What the exercise asks » Below are lines of data; restate word for word those running from the line containing "কদুর ফুল। স্ত্রী" to the line containing "这样既能让肉馅变得饱满又能去", inclusive, and no others.

┌─ Provided material

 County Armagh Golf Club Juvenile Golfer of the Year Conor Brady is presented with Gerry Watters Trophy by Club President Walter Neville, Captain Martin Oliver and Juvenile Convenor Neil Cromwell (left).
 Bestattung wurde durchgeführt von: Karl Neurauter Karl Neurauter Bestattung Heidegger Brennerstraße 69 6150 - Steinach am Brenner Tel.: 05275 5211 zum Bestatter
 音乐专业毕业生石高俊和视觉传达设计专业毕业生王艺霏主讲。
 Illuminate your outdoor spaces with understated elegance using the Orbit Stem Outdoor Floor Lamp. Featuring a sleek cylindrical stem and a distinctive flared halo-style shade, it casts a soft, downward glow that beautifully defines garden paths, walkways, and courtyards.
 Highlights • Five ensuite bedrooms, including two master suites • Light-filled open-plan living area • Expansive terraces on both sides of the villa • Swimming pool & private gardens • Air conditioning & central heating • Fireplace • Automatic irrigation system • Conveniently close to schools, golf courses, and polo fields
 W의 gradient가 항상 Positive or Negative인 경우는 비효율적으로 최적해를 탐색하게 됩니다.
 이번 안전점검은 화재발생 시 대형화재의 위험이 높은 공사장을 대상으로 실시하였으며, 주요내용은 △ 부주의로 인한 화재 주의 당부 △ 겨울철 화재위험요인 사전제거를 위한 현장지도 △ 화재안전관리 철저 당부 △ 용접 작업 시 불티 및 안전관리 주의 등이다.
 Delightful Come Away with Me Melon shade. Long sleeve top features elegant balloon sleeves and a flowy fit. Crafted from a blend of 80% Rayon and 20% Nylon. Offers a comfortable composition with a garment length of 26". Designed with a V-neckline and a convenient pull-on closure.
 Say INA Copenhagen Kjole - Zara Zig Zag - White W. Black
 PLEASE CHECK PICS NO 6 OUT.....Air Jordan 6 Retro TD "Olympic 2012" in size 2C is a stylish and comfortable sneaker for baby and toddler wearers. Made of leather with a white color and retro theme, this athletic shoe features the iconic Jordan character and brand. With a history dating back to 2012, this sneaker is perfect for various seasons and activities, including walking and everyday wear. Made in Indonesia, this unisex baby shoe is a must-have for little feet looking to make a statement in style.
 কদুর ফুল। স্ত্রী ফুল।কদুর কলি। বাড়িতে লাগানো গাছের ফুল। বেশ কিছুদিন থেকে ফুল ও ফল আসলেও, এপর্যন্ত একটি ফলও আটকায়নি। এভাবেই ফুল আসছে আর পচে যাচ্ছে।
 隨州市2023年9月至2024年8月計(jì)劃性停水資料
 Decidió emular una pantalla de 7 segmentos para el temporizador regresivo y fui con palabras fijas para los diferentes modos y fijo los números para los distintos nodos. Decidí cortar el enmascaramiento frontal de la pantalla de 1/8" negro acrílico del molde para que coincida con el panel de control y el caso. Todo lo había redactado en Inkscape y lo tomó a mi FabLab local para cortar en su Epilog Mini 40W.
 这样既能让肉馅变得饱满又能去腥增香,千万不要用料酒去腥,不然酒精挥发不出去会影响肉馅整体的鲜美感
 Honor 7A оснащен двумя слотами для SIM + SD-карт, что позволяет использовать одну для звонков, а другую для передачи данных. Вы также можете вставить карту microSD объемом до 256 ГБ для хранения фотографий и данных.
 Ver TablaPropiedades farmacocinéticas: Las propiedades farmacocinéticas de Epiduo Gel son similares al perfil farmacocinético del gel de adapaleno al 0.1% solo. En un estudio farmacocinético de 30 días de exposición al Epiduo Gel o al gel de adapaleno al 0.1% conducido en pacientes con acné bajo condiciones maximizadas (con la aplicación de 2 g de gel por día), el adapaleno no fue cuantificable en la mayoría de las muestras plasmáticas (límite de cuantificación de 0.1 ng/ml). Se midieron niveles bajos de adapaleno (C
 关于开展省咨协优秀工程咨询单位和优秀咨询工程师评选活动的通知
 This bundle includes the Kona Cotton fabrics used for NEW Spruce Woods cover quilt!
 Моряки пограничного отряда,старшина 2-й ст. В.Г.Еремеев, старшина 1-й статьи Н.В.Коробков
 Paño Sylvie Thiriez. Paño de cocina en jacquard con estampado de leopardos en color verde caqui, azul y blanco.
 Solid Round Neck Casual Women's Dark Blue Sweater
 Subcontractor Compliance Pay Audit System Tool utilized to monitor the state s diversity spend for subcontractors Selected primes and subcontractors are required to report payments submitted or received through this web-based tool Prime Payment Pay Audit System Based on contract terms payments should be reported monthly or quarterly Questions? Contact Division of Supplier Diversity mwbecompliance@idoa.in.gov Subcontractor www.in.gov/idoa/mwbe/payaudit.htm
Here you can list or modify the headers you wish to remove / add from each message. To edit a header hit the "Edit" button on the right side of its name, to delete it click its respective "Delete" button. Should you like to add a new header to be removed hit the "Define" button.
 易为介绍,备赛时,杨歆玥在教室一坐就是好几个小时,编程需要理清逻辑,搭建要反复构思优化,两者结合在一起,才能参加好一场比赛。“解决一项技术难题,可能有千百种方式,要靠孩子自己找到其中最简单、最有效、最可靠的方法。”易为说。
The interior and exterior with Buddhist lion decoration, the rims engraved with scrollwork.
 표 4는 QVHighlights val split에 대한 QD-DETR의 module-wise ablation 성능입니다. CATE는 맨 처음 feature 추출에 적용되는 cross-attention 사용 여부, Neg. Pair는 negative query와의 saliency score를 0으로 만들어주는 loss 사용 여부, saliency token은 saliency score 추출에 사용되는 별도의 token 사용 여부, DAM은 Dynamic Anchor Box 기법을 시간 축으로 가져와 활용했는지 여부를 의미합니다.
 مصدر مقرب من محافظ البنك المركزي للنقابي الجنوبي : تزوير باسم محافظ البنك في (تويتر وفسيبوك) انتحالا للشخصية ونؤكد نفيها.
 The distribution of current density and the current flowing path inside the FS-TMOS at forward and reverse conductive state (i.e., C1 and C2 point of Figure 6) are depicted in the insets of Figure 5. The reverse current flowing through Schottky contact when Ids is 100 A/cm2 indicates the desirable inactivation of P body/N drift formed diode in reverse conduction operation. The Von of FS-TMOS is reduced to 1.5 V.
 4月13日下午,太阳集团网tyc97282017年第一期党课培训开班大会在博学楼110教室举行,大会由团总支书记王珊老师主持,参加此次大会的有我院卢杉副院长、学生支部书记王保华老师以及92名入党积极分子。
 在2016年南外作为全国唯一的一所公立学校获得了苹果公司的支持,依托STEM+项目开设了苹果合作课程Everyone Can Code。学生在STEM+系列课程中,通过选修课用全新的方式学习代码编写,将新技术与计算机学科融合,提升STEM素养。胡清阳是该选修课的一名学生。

└─

Response »
 কদুর ফুল। স্ত্রী ফুল।কদুর কলি। বাড়িতে লাগানো গাছের ফুল। বেশ কিছুদিন থেকে ফুল ও ফল আসলেও, এপর্যন্ত একটি ফলও আটকায়নি। এভাবেই ফুল আসছে আর পচে যাচ্ছে।
 隨州市2023年9月至2024年8月計(jì)劃性停水資料
 Decidió emular una pantalla de 7 segmentos para el temporizador regresivo y fui con palabras fijas para los diferentes modos y fijo los números para los distintos nodos. Decidí cortar el enmascaramiento frontal de la pantalla de 1/8" negro acrílico del molde para que coincida con el panel de control y el caso. Todo lo había redactado en Inkscape y lo tomó a mi FabLab local para cortar en su Epilog Mini 40W.
 这样既能让肉馅变得饱满又能去腥增香,千万不要用料酒去腥,不然酒精挥发不出去会影响肉馅整体的鲜美感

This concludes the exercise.